*** DATA EXCERPT
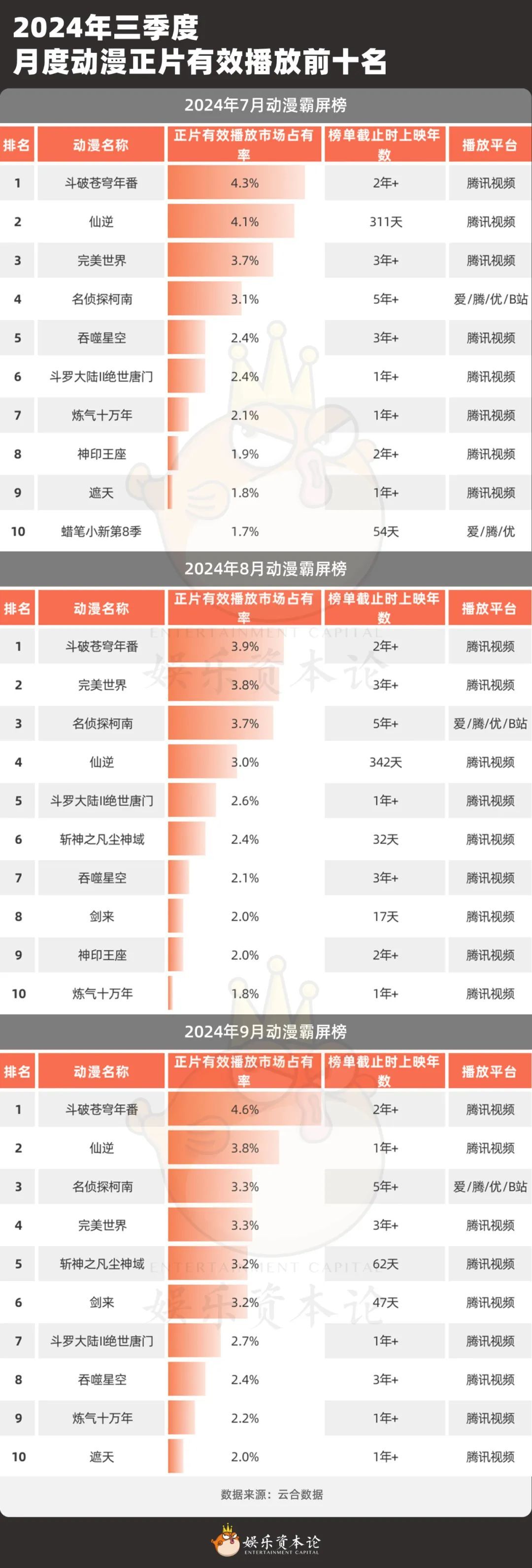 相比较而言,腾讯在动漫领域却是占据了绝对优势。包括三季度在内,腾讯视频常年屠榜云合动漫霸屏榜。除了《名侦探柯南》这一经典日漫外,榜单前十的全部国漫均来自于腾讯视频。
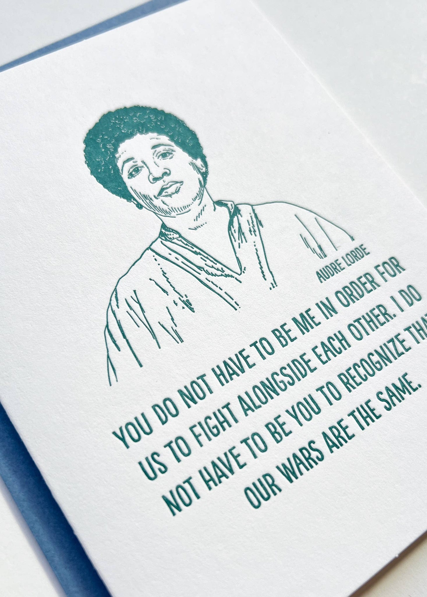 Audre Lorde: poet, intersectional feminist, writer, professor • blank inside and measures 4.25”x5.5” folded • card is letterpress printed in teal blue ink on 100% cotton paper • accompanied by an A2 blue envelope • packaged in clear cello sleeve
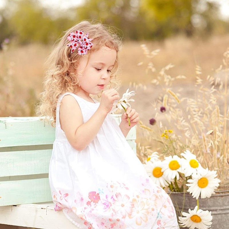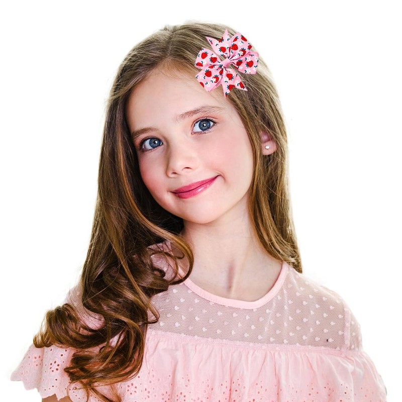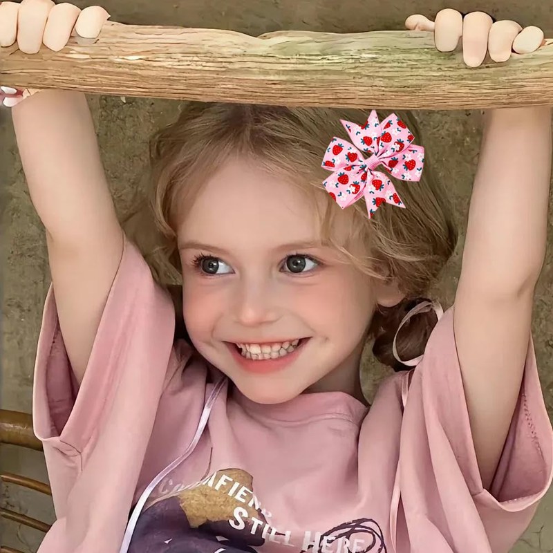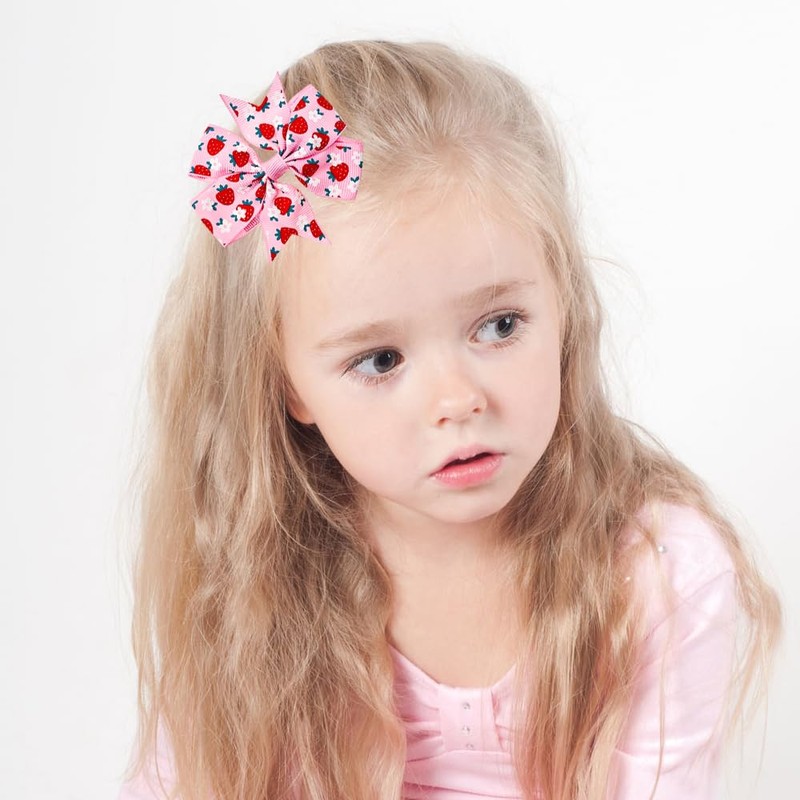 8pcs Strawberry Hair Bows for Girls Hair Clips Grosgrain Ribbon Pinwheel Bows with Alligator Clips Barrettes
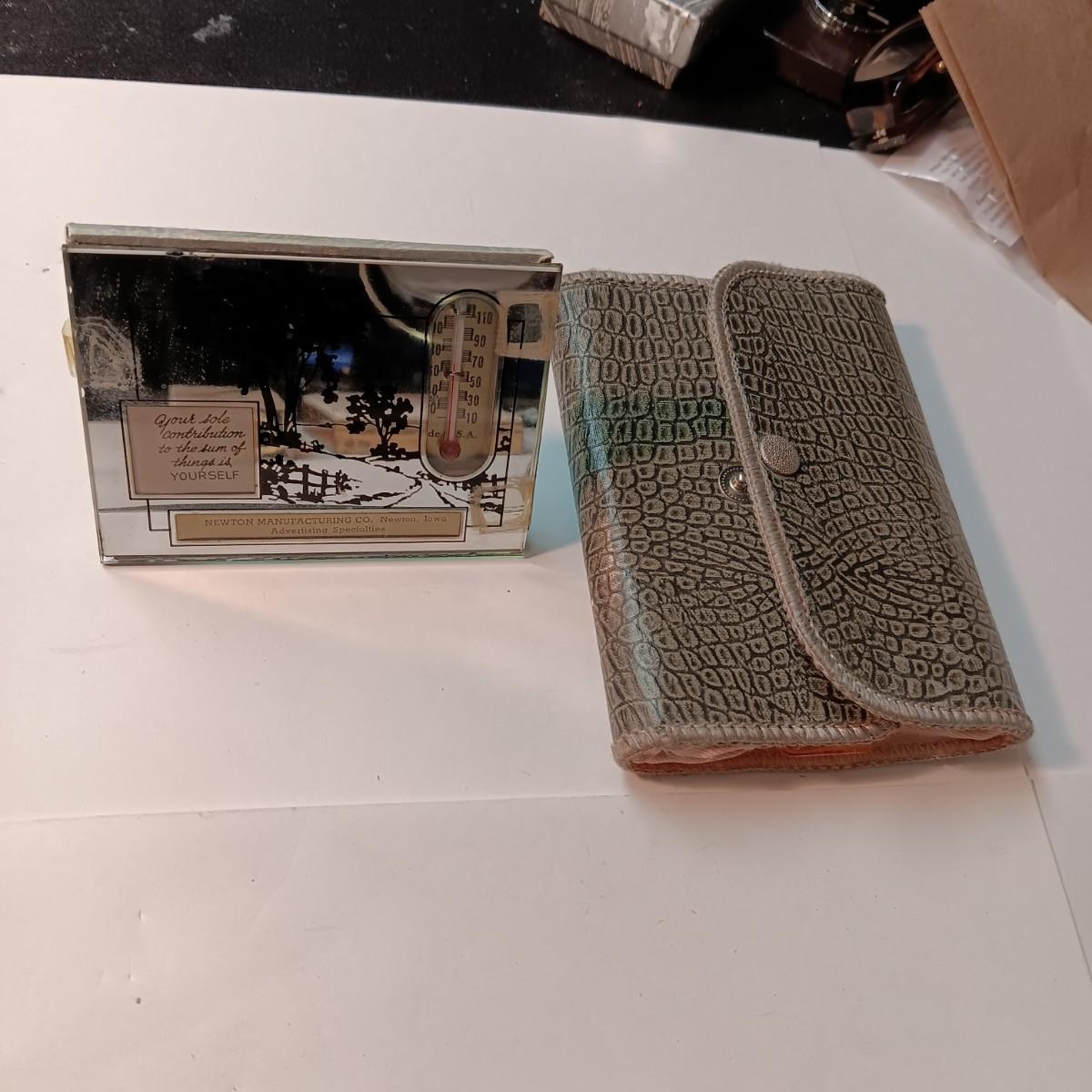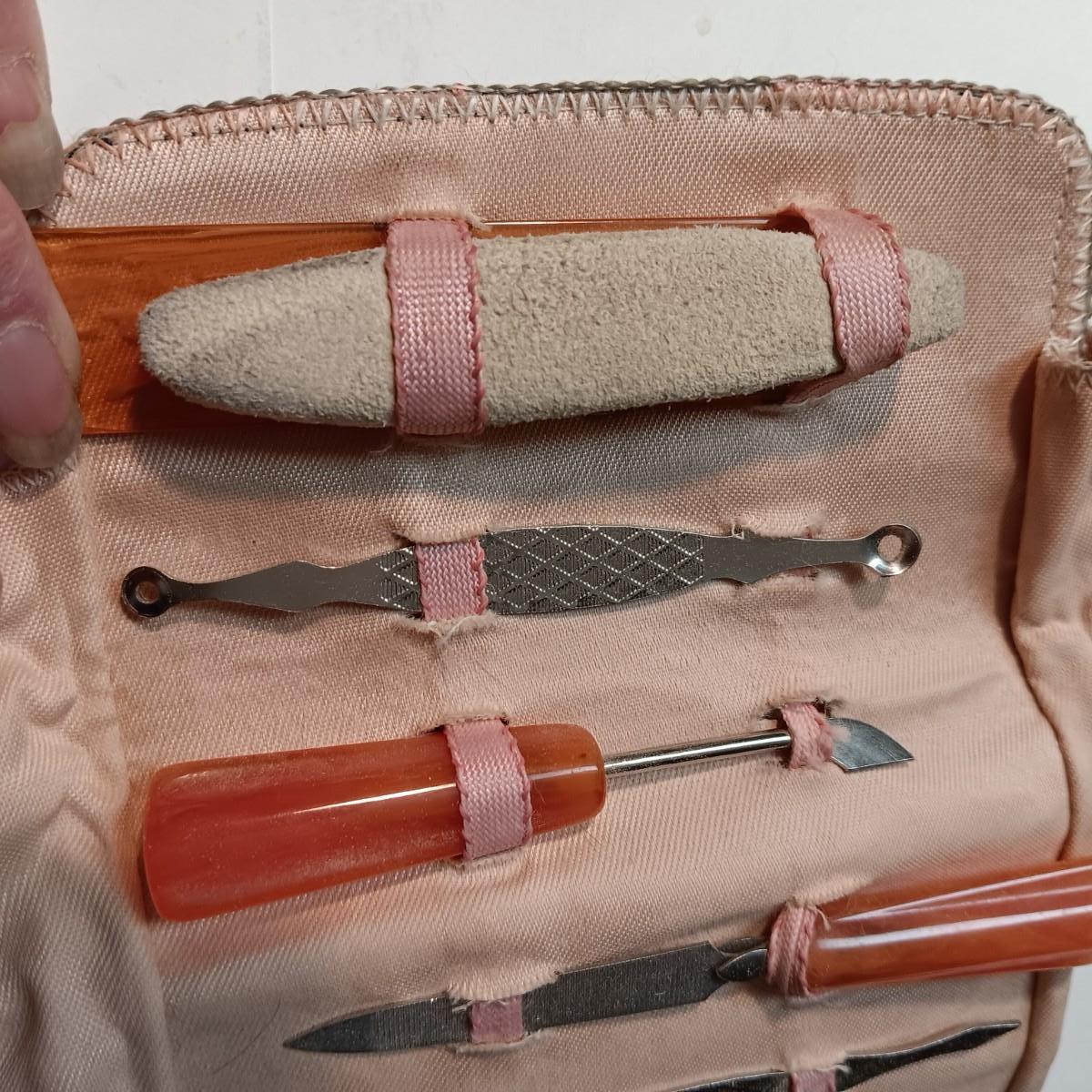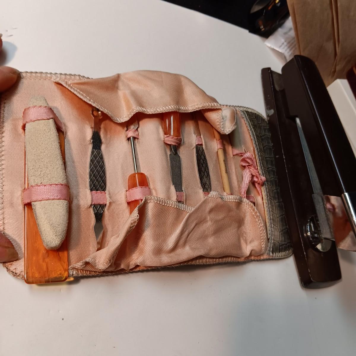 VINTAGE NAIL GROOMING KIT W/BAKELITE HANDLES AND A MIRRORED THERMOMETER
******
◆ **HOW TO COMPLETE THIS TASK**:
The expected output is the full data above, reproduced exactly with no images.

◆ **SOLUTION FOR THIS TASK**:
 相比较而言,腾讯在动漫领域却是占据了绝对优势。包括三季度在内,腾讯视频常年屠榜云合动漫霸屏榜。除了《名侦探柯南》这一经典日漫外,榜单前十的全部国漫均来自于腾讯视频。
 Audre Lorde: poet, intersectional feminist, writer, professor • blank inside and measures 4.25”x5.5” folded • card is letterpress printed in teal blue ink on 100% cotton paper • accompanied by an A2 blue envelope • packaged in clear cello sleeve
 8pcs Strawberry Hair Bows for Girls Hair Clips Grosgrain Ribbon Pinwheel Bows with Alligator Clips Barrettes
 VINTAGE NAIL GROOMING KIT W/BAKELITE HANDLES AND A MIRRORED THERMOMETER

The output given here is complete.